> **Task brief**:
The whole listing below, with no pictures, is to be repeated as it stands.

Start of Block

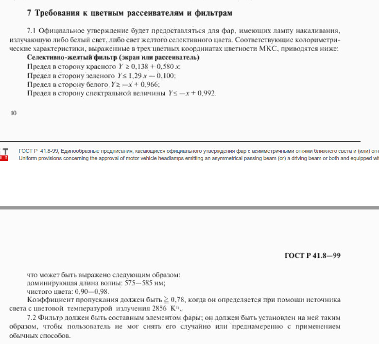Вижу, что лишь под передние противотуманки соответствует белый либо желтый селективный. Под ближний и дальний белый
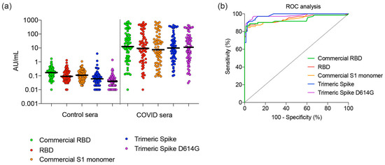A bead-based serological assay [22] was used. Patient sera were collected and reacted with commercially available RBD and monomeric S1 domain protein, as well as trimeric spike and RBD. Briefly, 11 µg of RBD (Sino Biologics, Bejing, China, Cat. No. 40592-V08H), RBD (ExcellGene), monomeric spike S1 (Sino Biologics, Bejing, China, Cat. No. 40591-V08H), or trimeric spike (ExcellGene), were loaded on 100 µL of Microplex fluorescent beads and reacted with IgG-containing sera. Relative optical readings were taken for each protein-specific assay using the control sera and the COVID-19 sera. The relative reading for individual samples ranged from 0.01 to about 1000 AU/mL. The sensitivity and specificity of the assay for each of the tested proteins was plotted in a receiver operating characteristic (ROC) plot.
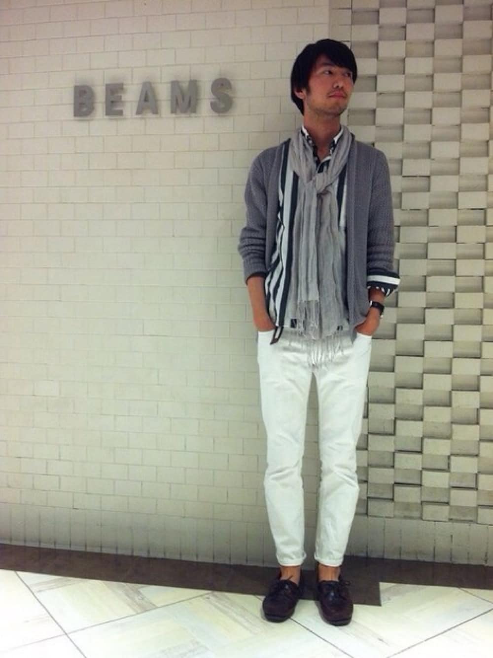 今シーズンのテーマカラーのホワイトをメインにグレーと合わせて大人のリラックススタイル。コットンニットのカーディガンはnuur。
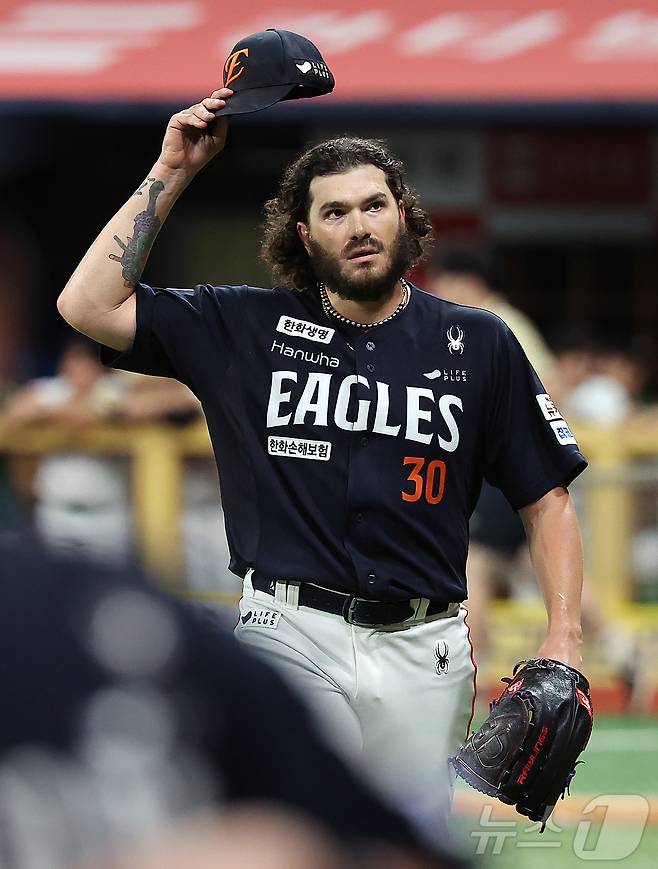 (서울=뉴스1) 김진환 기자 = 4일 오후 서울 구로구 고척스카이돔에서 열린 프로야구 '2025 신한 SOL뱅크 KBO 리그' 한화 이글스와 키움 히어로즈의 경기, 한화 선발 폰세가 7회말 2사 키움 김건희를 삼진으로 잡은 뒤 팬들 연호에 모자를 벗어 답례하고 있다. 2025.7.4/뉴스1
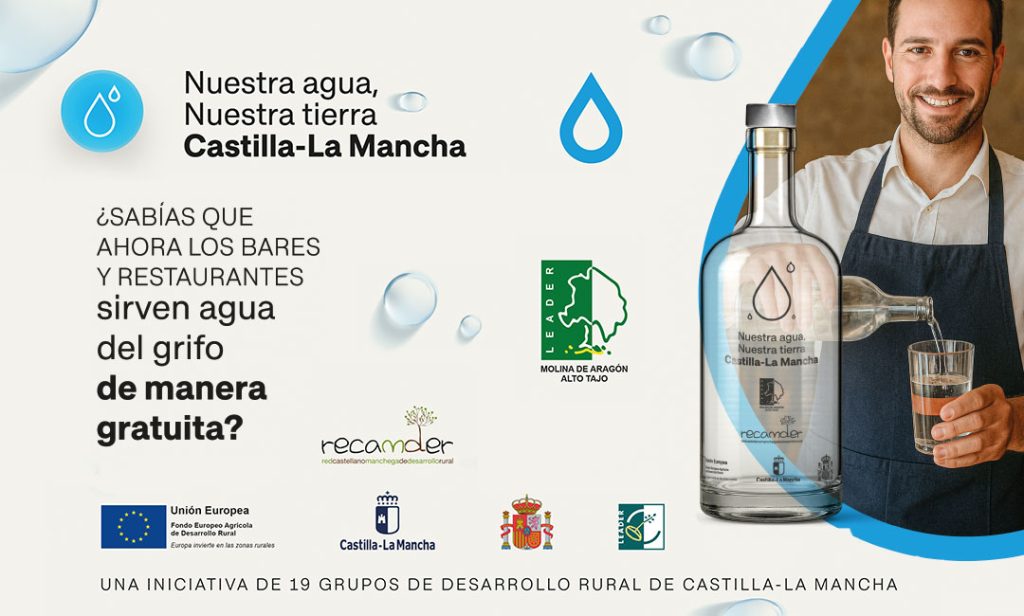 “Nuestra Agua, Nuestra Tierra” es un proyecto impulsado por RECAMDER y la Consejería de Agricultura, Ganadería y Desarrollo Rural, con financiación Leader, en el que participan 19 Grupos de Desarrollo Rural de las cinco provincias de Castilla-La Mancha. En total, se van a distribuir 100.000 botellas de cristal reutilizables y serigrafiadas, acompañadas de una campaña de sensibilización en redes sociales y medios para promover el consumo responsable y la reducción de residuos.
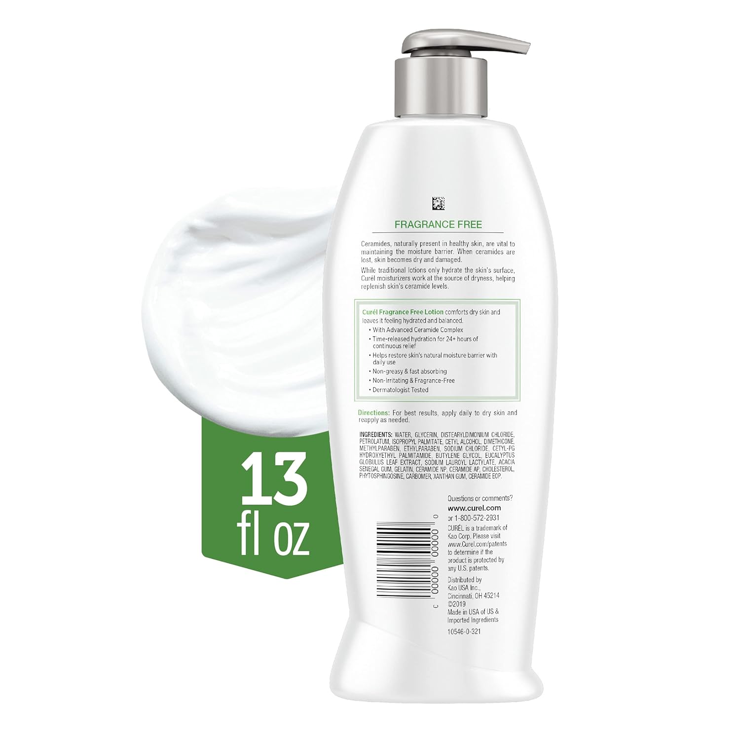 Curel Fragrance Free Body Lotion, Unscented Dry Skin Moisturizer for Sensitive Skin, with Advanced Ceramide Complex, Repairs Moisture Barrier, 13 Ounce (Pack of 3)

End of Block

> **Solution to this task**:
Вижу, что лишь под передние противотуманки соответствует белый либо желтый селективный. Под ближний и дальний белый
A bead-based serological assay [22] was used. Patient sera were collected and reacted with commercially available RBD and monomeric S1 domain protein, as well as trimeric spike and RBD. Briefly, 11 µg of RBD (Sino Biologics, Bejing, China, Cat. No. 40592-V08H), RBD (ExcellGene), monomeric spike S1 (Sino Biologics, Bejing, China, Cat. No. 40591-V08H), or trimeric spike (ExcellGene), were loaded on 100 µL of Microplex fluorescent beads and reacted with IgG-containing sera. Relative optical readings were taken for each protein-specific assay using the control sera and the COVID-19 sera. The relative reading for individual samples ranged from 0.01 to about 1000 AU/mL. The sensitivity and specificity of the assay for each of the tested proteins was plotted in a receiver operating characteristic (ROC) plot.
 今シーズンのテーマカラーのホワイトをメインにグレーと合わせて大人のリラックススタイル。コットンニットのカーディガンはnuur。
 (서울=뉴스1) 김진환 기자 = 4일 오후 서울 구로구 고척스카이돔에서 열린 프로야구 '2025 신한 SOL뱅크 KBO 리그' 한화 이글스와 키움 히어로즈의 경기, 한화 선발 폰세가 7회말 2사 키움 김건희를 삼진으로 잡은 뒤 팬들 연호에 모자를 벗어 답례하고 있다. 2025.7.4/뉴스1
 “Nuestra Agua, Nuestra Tierra” es un proyecto impulsado por RECAMDER y la Consejería de Agricultura, Ganadería y Desarrollo Rural, con financiación Leader, en el que participan 19 Grupos de Desarrollo Rural de las cinco provincias de Castilla-La Mancha. En total, se van a distribuir 100.000 botellas de cristal reutilizables y serigrafiadas, acompañadas de una campaña de sensibilización en redes sociales y medios para promover el consumo responsable y la reducción de residuos.
 Curel Fragrance Free Body Lotion, Unscented Dry Skin Moisturizer for Sensitive Skin, with Advanced Ceramide Complex, Repairs Moisture Barrier, 13 Ounce (Pack of 3)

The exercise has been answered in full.